My situation is that in my firm, we don’t use Microsoft Word.  We use Libre Office.  What I did on October 22, 2022 was “exporting” my ODT file into DOCX format.

And what is quite clear from the two screen shots above (the Greek letter “μ” in the “before” screen shot, and the Roman letter “m” in the “after” screen shot) is that the folks at WIPO who designed their DOCX-to-XML converter were not designing it to handle the version of DOCX that comes from Libre Office.  They were designing it to handle the version of DOCX that comes from Microsoft Word.

On October 22, 2022, I got to work trying to figure out how to overcome this deficiency in the ePCT DOCX-to-XML converter.  Eventually I stumbled upon a workaround.  I went back to Libre Office and rummaged through the world of Unicode symbols, trying one variant of Greek letter “μ” after another in my ODT file.  With each try, I then exported my ODT file into DOCX format, and then uploaded the DOCX file into ePCT, and viewed the rendered PDF file.  Eventually by trial and error I found one particular variant of Greek letter “μ” that survived unscathed through the DOCX-to-XML conversion process.

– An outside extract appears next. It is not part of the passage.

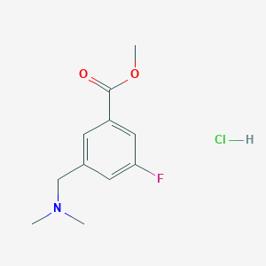 The mechanism of action of Methyl 3-((dimethylamino)methyl)-5-fluorobenzoate hydrochloride involves its interaction with specific molecular targets. The dimethylamino group can participate in hydrogen bonding and electrostatic interactions, while the fluorine atom can enhance the compound’s lipophilicity and metabolic stability. These interactions can modulate the activity of enzymes and receptors, leading to various biological effects.

The next challenge was the problem that the DOCX-to-XML converter in ePCT had coined a new word “howsize” and stuck it into my to-be-filed PCT application.   (See the before-and-after screen shots above.)  Again I went back to Libre Office to look at my ODT file.  What seemingly harmless formatting code in Libre Office had somehow caused this explosion in the ePCT DOCX-to-XML converter so that a new word “howsize” got created?

In Libre Office, I scrutinized the paragraph involved.  I saw what I recall may have been a “non-breaking space” that had gotten into the Libre Office file as an artifact of my having imported the patent application into Libre Office from a word processor file that I received from a client who was using some word processor that was not Libre Office.  I deleted the non-breaking space (if I am recalling it correctly) and then I exported the ODT file into DOCX, and uploaded the DOCX into ePCT, and the crazy word “howsize” went away.

You will recall that there was a third category of DOCX fail for this effort to use DOCX with ePCT.  The third category was that the ePCT DOCX-to-XML converter was inserting a spurious double-space before every hyphenated word.  I despaired at trying to find a way to work around this DOCX fail in the ePCT system.  I made a judgment call that this was probably not going to blow up in my face as a malpractice lawsuit against me TYFNIL.  (The change of the Greek letter “μ” to an “m”, on the other hand, or the presence of the nonsense word “howsize”, if they had been discovered TYFIL, would have been much scarier.)

I went ahead and e-filed the PCT application.  I provided the pre-conversion file.  I accepted the 100 Swiss Francs fee reduction.

So what can we as applicants and practitioners learn from this?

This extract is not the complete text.